The communications blackout has also affected US businessman Awet -- not his real name -- who told AFP he hadn't spoken to his wife in well over a year and has never held their baby girl.
The 30-year-old flew to Ethiopia last year to bring them home to Colorado, but wasn't allowed to travel to Tigray.
He has approached US officials repeatedly for help in getting his family out of Ethiopia, but to no avail.
"It's always the same answer -- we don't have an evacuation plan."
A handful of photos and videos are his only mementos of his two-year-old daughter.

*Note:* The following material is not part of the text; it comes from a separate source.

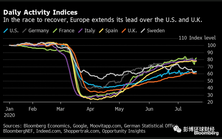但高頻數(shù)據(jù)表明,歐洲的復(fù)蘇速度更快, 彭博經(jīng)濟(jì)研究預(yù)估這種領(lǐng)先優(yōu)勢近期擴(kuò)大了。

And even looking at them is too painful sometimes, he said.
In one video seen by AFP, that was shot a year ago and sent by someone with rare access to satellite internet in Tigray, the little girl was struggling to stand up or raise her spindly arms.
"Her legs were too weak because of a lack of food," the distraught father said.
"It's strange to feel like you are a dad when you haven't even seen your daughter."
Saba Desta's parents retired to Tigray after two decades in Seattle and settled in Shire, which was heavily bombed in October before its capture by Ethiopian forces and their allies.
She has been frantic with worry for her 70-year-old father, who suffers from a debilitating neurological disorder, leaving him especially vulnerable in a region with crippling medicine shortages.
The 36-year-old had reached out to the State Department and the US Embassy in Addis Ababa to ask for help.
"Everyone gave me the run around," she told AFP, fighting back tears.
Even so, she added, life could be worse.
She knows several people detained in Addis Ababa, including a friend who was held for six months, and her own aunt who was in custody for around a week.
Her greatest fear, she said, was to get her elderly parents out of Tigray, only for them to be detained in Addis Ababa.
"I am more scared of what might happen to them in Addis than in a war zone like Tigray."